(WHAT YOU SHOULD DO) Write out only the lines from the top of the listing below through the one with "Terlihat harimau mondar", exactly as they stand, while keeping pictures out of the copy.
[Start of Attachment]
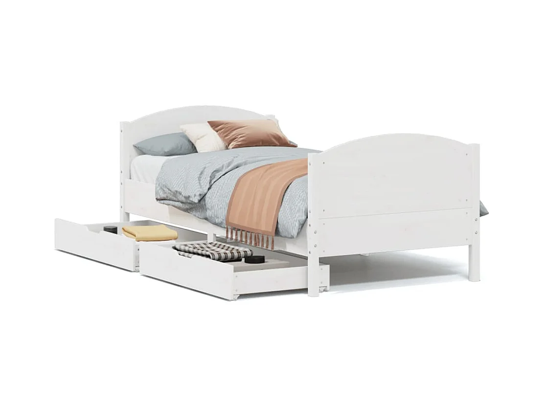 Bedframe zonder matras met lades grenenhout wit 75x190 cm
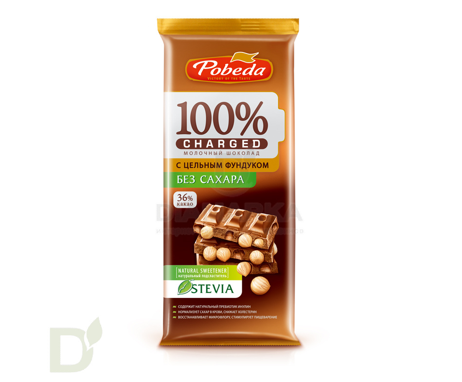 <h2>Настоящий шоколад без сахара на стевии</h2> Если вы хотя бы раз пробовали качественный, НАСТОЯЩИЙ шоколад, то наверняка навсегда запомнили этот яркий, насыщенный вкус?! Найти хороший шоколад в наше время ой как непросто: в большинстве плиток доминирует приторная сладость, а самого какао - кот наплакал.<br> <br> Кондитерская фабрика Победа позаботилась об истинных ценителях шоколада и создала продукт:<br> <ul> <li>в основе которого настоящие какао-продукты</li> <li> в котором нет сахара и лишних углеводов. За умеренную сладость отвечает натуральный подсластитель стевия</li> <li> в котором ДЕЙСТВИТЕЛЬНО МНОГО цельных орехов</li> </ul> <h2>В 100 граммах шоколада Победа ВСЕГО 34 углеводов</h2> Что очень мало, по сравнению с обычными плитками на сахаре!<br> <br> Масса нетто 90 грамм<br> <h2>Состав шоколада</h2> цельный фундук, масло какао, тертое какао, сухое обезжиренное молоко, сыворотка молочная сухая, мальтит, инулин, лецитин соевый, экстракт стевии, натуральная ваниль<br> <h2>Энергетическая и пищевая ценность</h2> б - 14<br> ж - 44<br> у - 34<br> 590 ккал
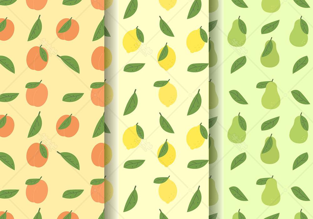 p123-ai矢量清新橙子梨桃子柠檬水果背景底纹矢量素材
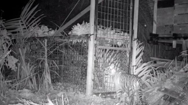 Terlihat harimau mondar mandir dekat mulut perangkap yang dipasang. Tidak lama kemudian harimau masuk dan pintu perangkat tertutup setelah umpan yang dipasang dimangsa.
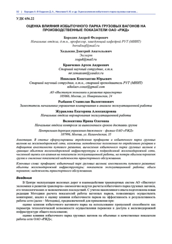 В Центре эксплуатации железных дорог и взаимодействия транспортных систем АО «Институт экономики и развития транспорта» ежемесячно ведутся расчеты избыточного парка грузовых вагонов, его технологических и экономических последствий. С учетом накопленного опыта подготовлена новая редакция Методики расчета показателей работы вагонных парков, позволяющих осуществлять мониторинг, анализ и оценку влияния избыточности парков на эффективность и результативность работы сети (далее – Методика), предназначенной для применения при:
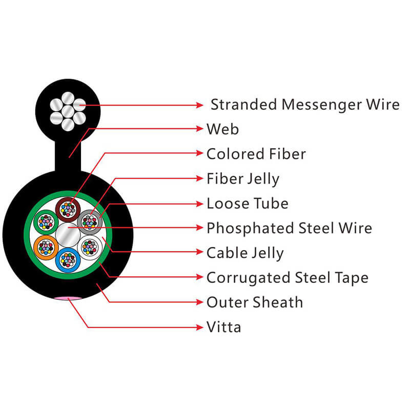 Волокна помещают в простую трубку из высокомодульного пластика, которую заполняют водонепроницаемым заполнителем.Стальная проволока расположена в центре ядра в качестве металлической прочности члена. Трубки (и наполнители) привязаны вокруг прочности в компактное и круглое ядро кабеля. После нанесения PSP вокруг ядра кабеля,эта часть кабеля, сопровождаемая проводами, как поддерживающая часть, завершается полиэтиленовой оболочкой (PE), которая является структурой фиг. 8Этот вид кабеля специально применяется для самоподдерживающейся воздушной установки.
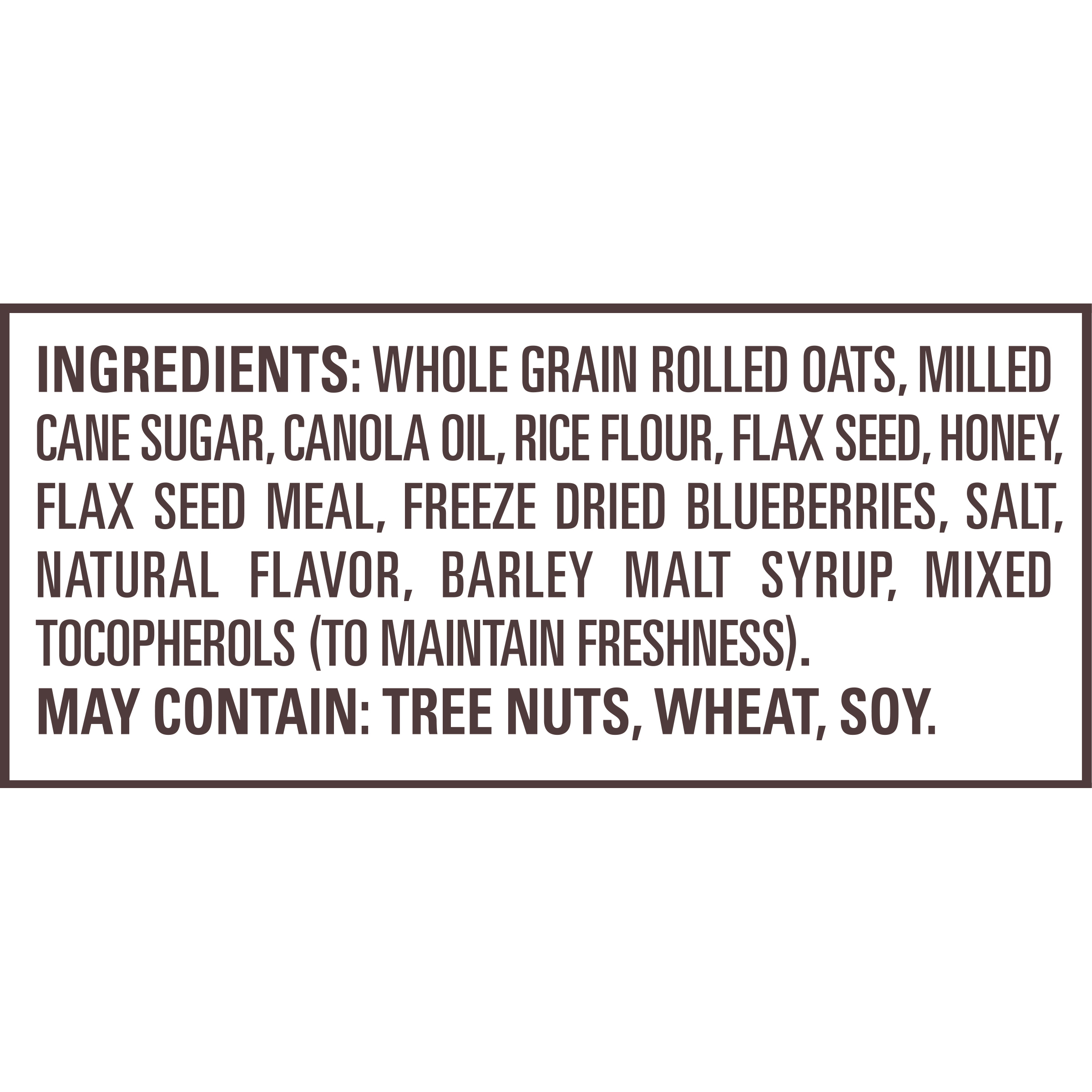 WHOLE GRAIN ROLLED OATS, MILLED CANE SUGAR, CANOLA OIL, RICE FLOUR, FLAX SEED, HONEY, FLAX SEED MEAL, FREEZE DRIED BLUEBERRIES, SALT, NATURAL FLAVOR, BARLEY MALT SYRUP, MIXED TOCOPHEROLS (TO MAINTAIN FRESHNESS).
[End of Attachment]
(RESPONSE TO THIS EXERCISE)
 Bedframe zonder matras met lades grenenhout wit 75x190 cm
 <h2>Настоящий шоколад без сахара на стевии</h2> Если вы хотя бы раз пробовали качественный, НАСТОЯЩИЙ шоколад, то наверняка навсегда запомнили этот яркий, насыщенный вкус?! Найти хороший шоколад в наше время ой как непросто: в большинстве плиток доминирует приторная сладость, а самого какао - кот наплакал.<br> <br> Кондитерская фабрика Победа позаботилась об истинных ценителях шоколада и создала продукт:<br> <ul> <li>в основе которого настоящие какао-продукты</li> <li> в котором нет сахара и лишних углеводов. За умеренную сладость отвечает натуральный подсластитель стевия</li> <li> в котором ДЕЙСТВИТЕЛЬНО МНОГО цельных орехов</li> </ul> <h2>В 100 граммах шоколада Победа ВСЕГО 34 углеводов</h2> Что очень мало, по сравнению с обычными плитками на сахаре!<br> <br> Масса нетто 90 грамм<br> <h2>Состав шоколада</h2> цельный фундук, масло какао, тертое какао, сухое обезжиренное молоко, сыворотка молочная сухая, мальтит, инулин, лецитин соевый, экстракт стевии, натуральная ваниль<br> <h2>Энергетическая и пищевая ценность</h2> б - 14<br> ж - 44<br> у - 34<br> 590 ккал
 p123-ai矢量清新橙子梨桃子柠檬水果背景底纹矢量素材
 Terlihat harimau mondar mandir dekat mulut perangkap yang dipasang. Tidak lama kemudian harimau masuk dan pintu perangkat tertutup setelah umpan yang dipasang dimangsa.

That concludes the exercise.